Shell helps to meet the world’s growing demand for energy in economically, environmentally and socially responsible ways. Shell currently has a project underway to clean their material masters that reside in different enterprise resource planning (ERP) systems and is using mydatafactory to help with the project.
The result of having high quality, consistent and accurate material master data in their systems are numerous, like reliable catalogue search; smooth and flawless procurement; reduced production down time; reduced stock levels; leveraged purchasing power; and contribute to the technical integrity of their installations.
Shell selected mydatafactory for several reasons. Firstly, mydatafactory offers an innovative approach as it was built on artificial intelligence and big data technologies. It offers a self-learning system that builds a knowledge base from user feedback. Shell required a solution that would leverage efficiency and data quality, which is exactly what mydatafactory offered.
Secondly, the solution is available as a software-as-a-service, resulting in competitive pricing and a low threshold project start, as Shell required a solution that enabled a quick start of data cleansing.

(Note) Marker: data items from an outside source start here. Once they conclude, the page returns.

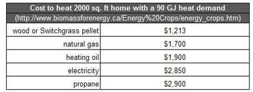 The first chart below shows cost estimates comparing the cost to heat a 2000 sq ft a home with various fuel sources (data gathered 2009 - 2010). The second chart outlines the carbon output for various fuel sources. Notice that burning hay results in nearly the least amount of carbon emissions per million BTU (data gathered 2009 - 2010 and validated September 2011):
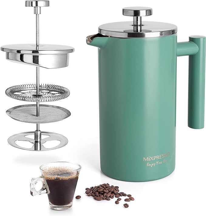 Mixpresso Green Stainless Steel French Press Coffee Maker 26 Oz 770 Ml, Double Wall Insulated French Press Stainless Steel, Easy Clean Tea Brewer, Easy Press Durable Metal Coffee Press -
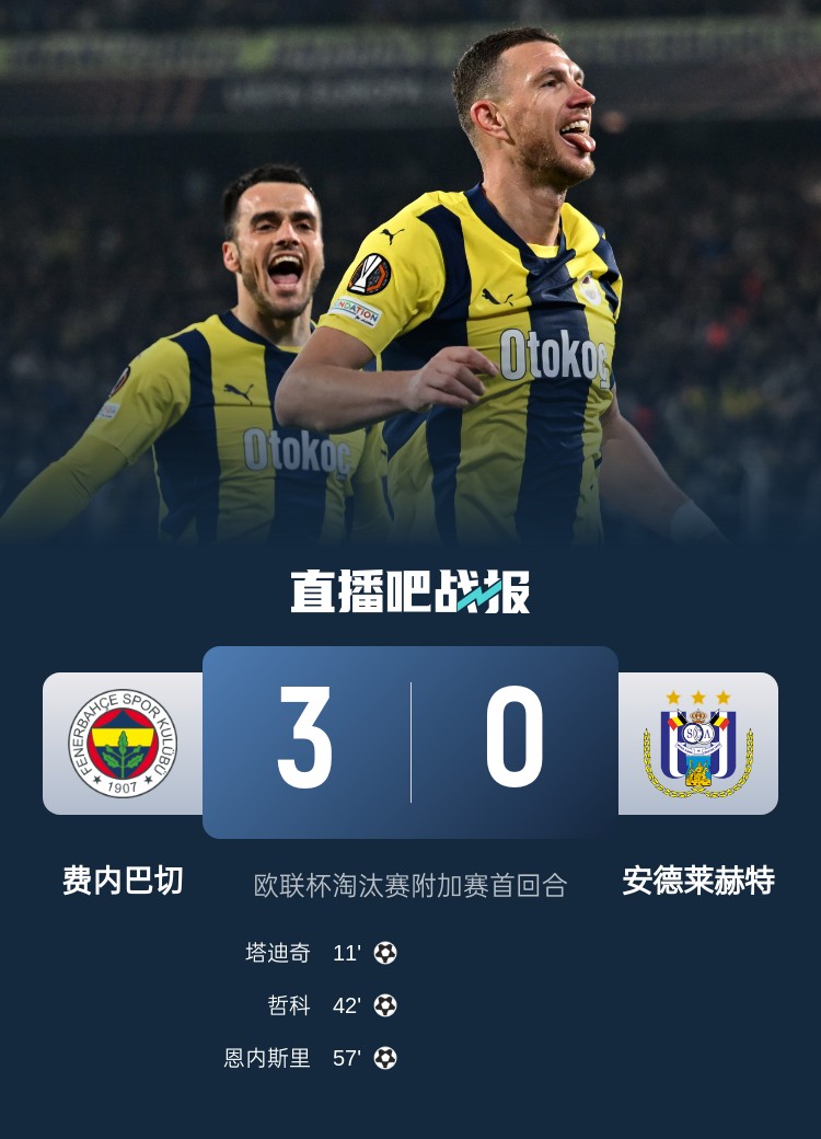 塔迪奇、哲科、恩内斯里,费内巴切3-0完胜安德莱赫特。
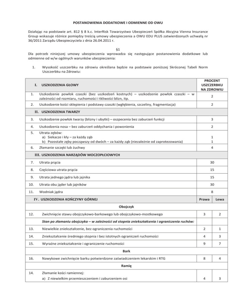 ! 5 +:,/&%% ; . )%/ 0 ) . . 1 2 3 * $ 67 8- 9' * 4 1 /:.&(./&%% . 0% , %. < 7 ! * ; ! " I. " 3 = < #$ & ' ! "'" &( ! " & ! % %. > ? @ @ / . /. > II. ! " " ? / &"% +. > (. ?@ A + @ B. / < a) * b) 9 :. A % % @ @ > ? ; ( III. ! " " &") * '" $' %'+ ". ). +& # %B C. %B %&. +& %%. 7 ) IV. ! " " ,'"% % #*& - . / %/. ; %+. D D + / = / % %(. ; ( + %B. 7 C " ) ( ( + E ( %:. = 235 & %(. ; a) ; 0 < b) ; %/ ) c) ; /( /& / / % % a) F + / b) ; %& ) / / ) ) %B. %:. 9 1 %". ; < / %). 0 ; < a) ; b) ; > A .? 2 3 %C. 6 > ?< a) 6 + / b) 6 ) : c) 6 %B %/ a) / % b) B ( c) ) " 45 0 / /&. 7 A < /%. ; > ?< a) ; % % b) ; + / c) ; ) : a) % % b) ( + c) %& " a) % % b) / / c) " B d) %& ) //. < 3 / 6 /+. /(. < ; > ?< ; % % b) ; + / ; B + a) % % b) / / c) : ( ) : a) /B. / /:. 111 14 /". /). /C. 6 4< 111 14 ; 7 / 4 > ?< a) ; % % b) ; + / B + ; V. ! " " ,'"% % . ! +&. ; < a) ; b) ; c) - / ( %& : : +%. /B > + .? +/. 6 > .?< a) = z nawracaj cymi wysi kami kolana, objawami tarcia w stawie, z zanikami mi do 2 cm, z ubytkiem zakresu ruchomo ci do 30°, b) G z objawami znacznej niewydolno ci stawu zanikami mi kolana w pozycji czynno ciowo korzystnej, c) Du e zmiany z objawami znacznej niewydolno ci kolana, tarcia w stawie i objawami tak niestabilno ci stawu kolanowego, e wymaga stosowania stabilizatora na stałe lub kul B ni uda ni do 4 cm i zesztywnienie %& znacznej /& / ++. ; < a) ; b) ; c) ; ( + : %/ : /& A +(. 1 > ? / +B. $ 3 +:. 6 ( 73 > .?< a) = b) ; c) 9 A / ) . +". /& ; < a) H b) ; @ + @ ) +). +C. < a) H b) ; / @ ; ) < a) ; 1 4 b) ; 11 111 c) ; / 14 + ) 3 (&. @> (%. ; (/. ; ? % + 11D4 > ? % (+. B ((. 11D4 (B. 4 % @ (:. /. @ 11D14 ( @ / 7 * ; F8;918#;I#18'$ ! 3 = ; 1 2 3 *.$. 4 = A 1 5 +. 0/ . +/? J0/ . +/? 3/ < @ < . "&&& %B&&&9'= . %: &&&9'= KL (. 0) . (? J0) . (? < 3/ 3/ /08 2 . "&&& C&&& %B&&&9'= . %:&&&9'= %M > ?. 7 D C&&& .C& B. 0) %/ . B? J0) . B? KL < 3/ @ < . "&&& C&&& %B&&&9'= . %:&&&9'= %M > ?. 7 .- :& %/ KL :. 0%+ .% J0%+ 7 < .% A C&M .L ". 0%+ . / J0%+ . / 7 %. G /. G < < - 0) 8- 9' * A @$ 0C ! .% 8- A G 9' * ). 0%: - , %&&M .L . %& . B? J0%: . %& . B? < A < C&M ! F8;918#;I#18' ? D %BM D A ? D A C. $ 7 %&M L 67 .

The third reason was the extensive knowledge of the mydatafactory team on the subject of product data cleansing, as Shell required their vendor to be able to understand and map their data cleansing processes to the solution they selected.

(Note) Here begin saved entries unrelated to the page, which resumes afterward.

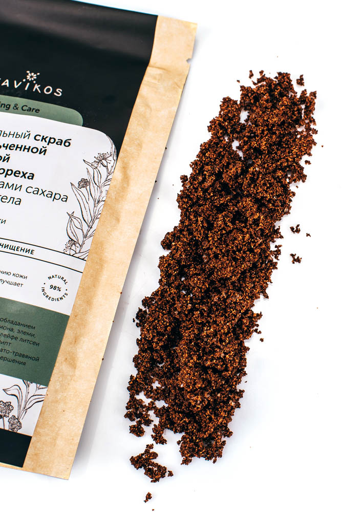 Přírodní peeling s drcenými ořechovými skořápkami a krystaly cukru na obličej a tělo. Pro suchou a dehydratovanou pokožku. Funkční složky: skořápky z vlašských ořechů, krystaly cukru, šípkový extrakt, rostlinné oleje z kokosu, mango, kamélie, vitamíny C, E, F. Peeling důkladně čistí, zvlhčuje a vyživuje pokožku, vyrovnává a zlepšuje pleť. Díky rozdrceným skořápkám vlašských ořechů a krystalům cukru peeling jemně čistí pokožku od nečistot a odumřelých buněk a zlepšuje pronikání účinných látek. Oleje z kokosu, manga a kamélie mají regenerační a protizánětlivé vlastnosti, zvyšují bariérovou funkci pokožky a saturují je vitamíny a mastnými kyselinami důležitými pro energii a krásu pokožky. Extrakt ze šípky obnovuje rovnováhu vody a soli, zlepšuje mikrocirkulaci a metabolické procesy. Po nanesení peelingu je pokožka viditelně vyhlazena a pleť se zlepší.
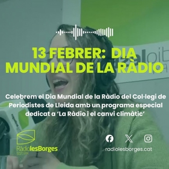 Avui, 13 de febrer, es commemora el Dia Mundial de la Ràdio 2025, i des de Ràdio les Borges hem fet un programa especial per celebrar aquesta jornada dedicada al nostre mitjà, que s'ha emès durant la jornada de 12 hores en directe de ràdio que, enguany, han tingut lloc a la sala d'actes de la Diputació de Lleida, organitzada pel Col·legi de Periodistes de Catalunya-Demarcació de Lleida per desè any consecutiu. Nosaltres ja en fa set que hi participem.
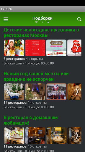 - специальные предложения от ресторанов партнеров для гостей LeClick
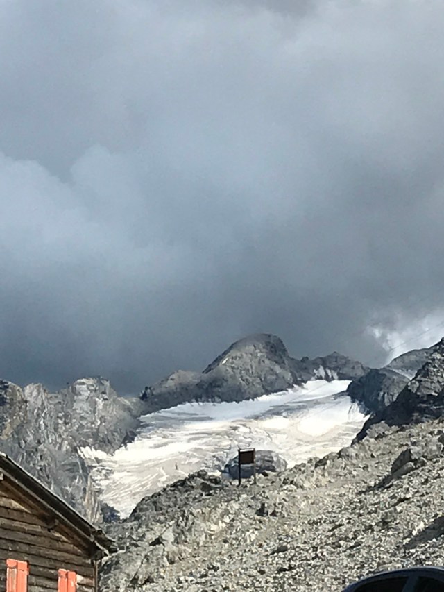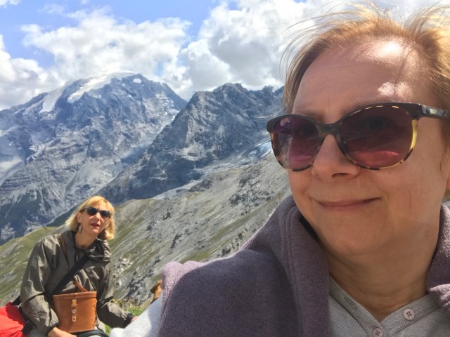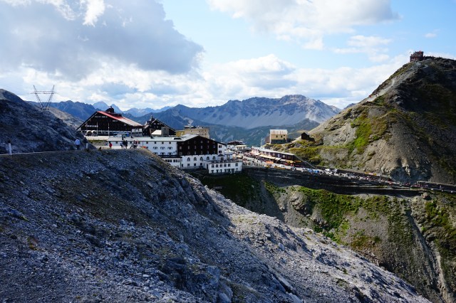 Ok, eliminiamo subito la diatriba su ciclisti motociclisti camperisti dischi volanti (in effetti mancavano solo loro). La strada è sufficientemente ampia, non amplissima, ma ci stanno tutti, basta che ciascuno stia nella sua corsia (ma io non capisco i motociclisti come dice Luisa, che in effetti vive con uno di loro, che allo Stelvio va regolarmente a fare i raduni – molto meglio di Castellazzo, con tutto il rispetto). Volar giù è tanto facile. Guardate la seconda foto dal basso e ditemi se non è uno spettacolo- questo è il versante Trentino. E la strada è rimasta sostanzialmente, nell’impianto, quella ottocentesca, quindi un capolavoro di ingegneria. Sulla cima del passo c’è una rete di sentieri, che voglio assolutamente esplorare la prossima che potrò passarci – per Tobia sono un pò pericolosi, soprattutto se si lancia ad inseguire i gracchi o le marmotte. Il paesaggio è assolutamente lunare, da alta montagna, la morena del ghiacciaio copre praticamente l’intero pianoro, e si può immaginare che anni fa la neve fosse a quota molto più basso. Chissà per quanto ancora si potrà sciare d’estate sul ghiacciaio…la funivia funzionava a pieno regime e i 3000 metri erano sorprendentemente vicino. Fantastico. Un suggerimento: abbiamo parcheggiato dopo due tornanti, per carità benissimo fare un bel pezzo di strada panoramica, ma abbiamo scoperto che il parcheggio interno della funivia era praticamente deserto…certo avevo qualche remora a passar sopra con la macchina ai pedoni. Ci sono moltissimi ristoranti e noi abbiamo mangiato molto bene sulla terrazza dell’hotel Pirovano ( questo il sito ), dove nonostante fosse abbastanza tardi ci hanno servito lo stesso- certo i pizzoccheri di loro hanno questa tendenza a sedersi sul tuo stomaco con la delicatezza di un mattone, ma una passeggiata e una buona tisana al Tibet hanno risistemato lo stomaco di tutte e due. Una giornata di sole accecante, anche se con qualche nuvola, e un altro tassello sulla lista dei luoghi in cui devo tornare assolutamente, soprattutto per esplorare le trincee della prima Guerra Mondiale che sono ancora visitabili.
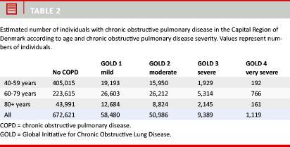 The distribution of COPD in our study sample according to age and severity of COPD is shown in Table 1. Based on this distribution, we estimated the number of individuals with COPD in the Capital Region of Denmark (Table 2). The results show that more than 60,000 citizens are expected to have clinically significant COPD (GOLD stage 2-4) and more than 10,000 have severe or very severe COPD (GOLD stage 3+4).

The project started with preparation in mapping the existing cleansing processes to the mydatafactory application. For flexibility, work packages are defined and assigned to ‘data stewards’. These work packages focus on specific product domains, to align the process of import, classification, term extraction and normalisation, quality assurance and export. The system proposes to the data steward what terms and values to extract and to which characteristics to parse those values.
Mydatafactory also proposed how to standardise those values. Missing or wrong suggestions can be modified by the data steward. This knowledge is captured and re-used for new suggestions. The process is finalised by a ‘domain expert’, who makes any last modifications, and who approves dictionaries, that were built on the fly by the data steward.
During the process a governance framework is built, which holds classifications, characteristics and their values. These data elements can be managed easily by the domain expert. The knowledge that is captured during the project can be made available as part of a gatekeeper function, to prevent any polluted new data from being entered into the ERP’s.